Data =
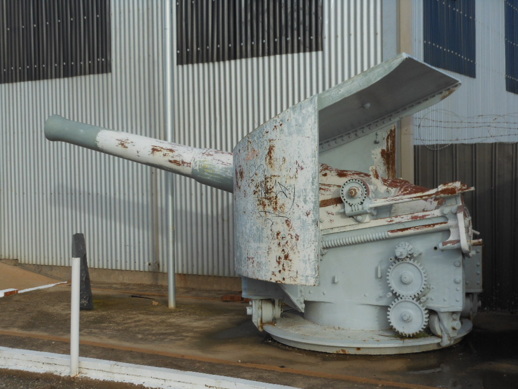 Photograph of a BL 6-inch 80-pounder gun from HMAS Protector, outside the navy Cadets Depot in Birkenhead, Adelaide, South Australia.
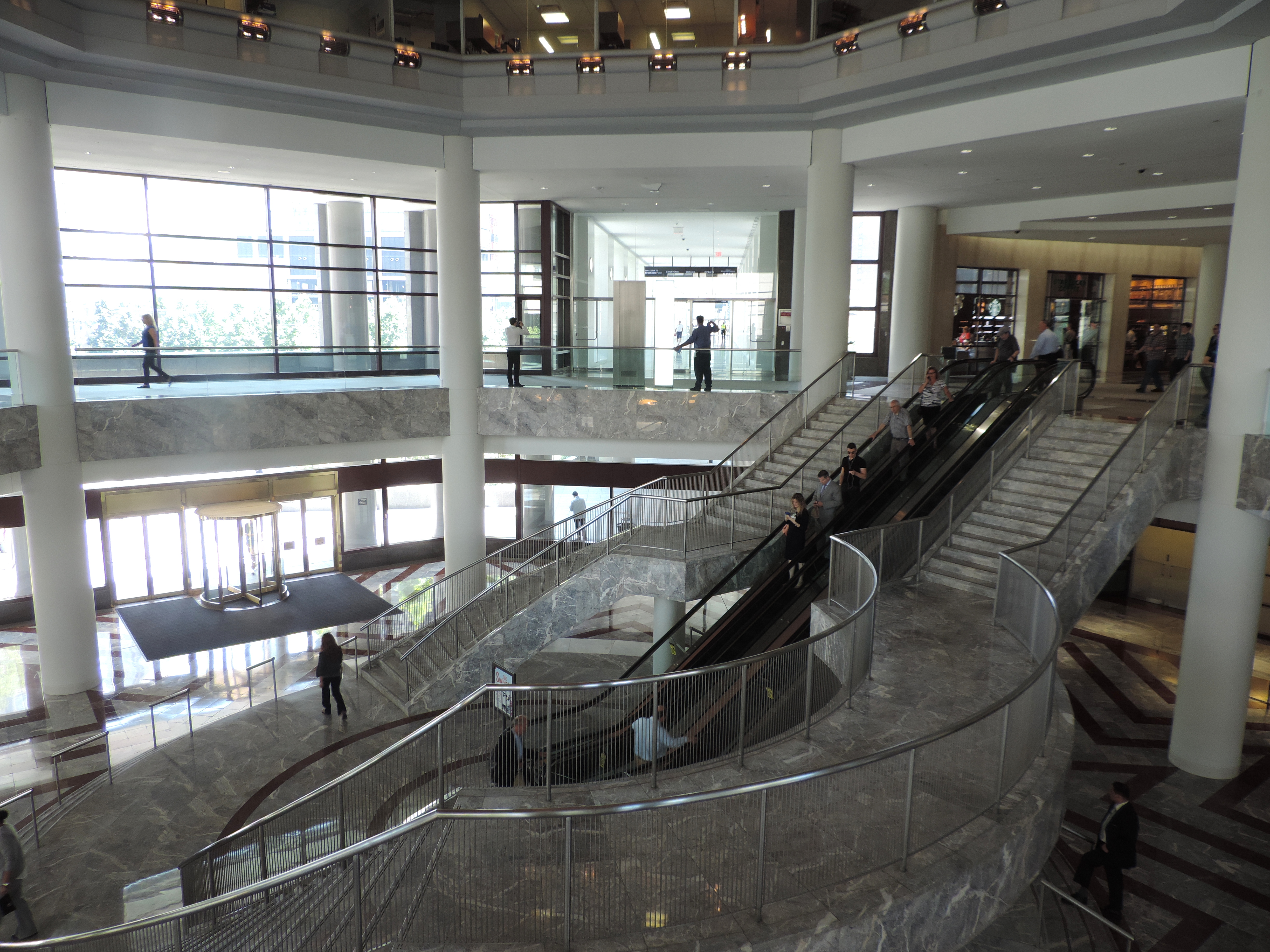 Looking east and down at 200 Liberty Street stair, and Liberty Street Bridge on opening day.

==

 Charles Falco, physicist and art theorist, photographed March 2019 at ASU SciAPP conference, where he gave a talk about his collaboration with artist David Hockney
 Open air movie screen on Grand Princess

Work instruction =
In the material above, one part opens with the line containing "Photograph of a" and closes with the line containing "Looking east and". Write out that part exactly and skip its pictures.

Response to this task =
 Photograph of a BL 6-inch 80-pounder gun from HMAS Protector, outside the navy Cadets Depot in Birkenhead, Adelaide, South Australia.
 Looking east and down at 200 Liberty Street stair, and Liberty Street Bridge on opening day.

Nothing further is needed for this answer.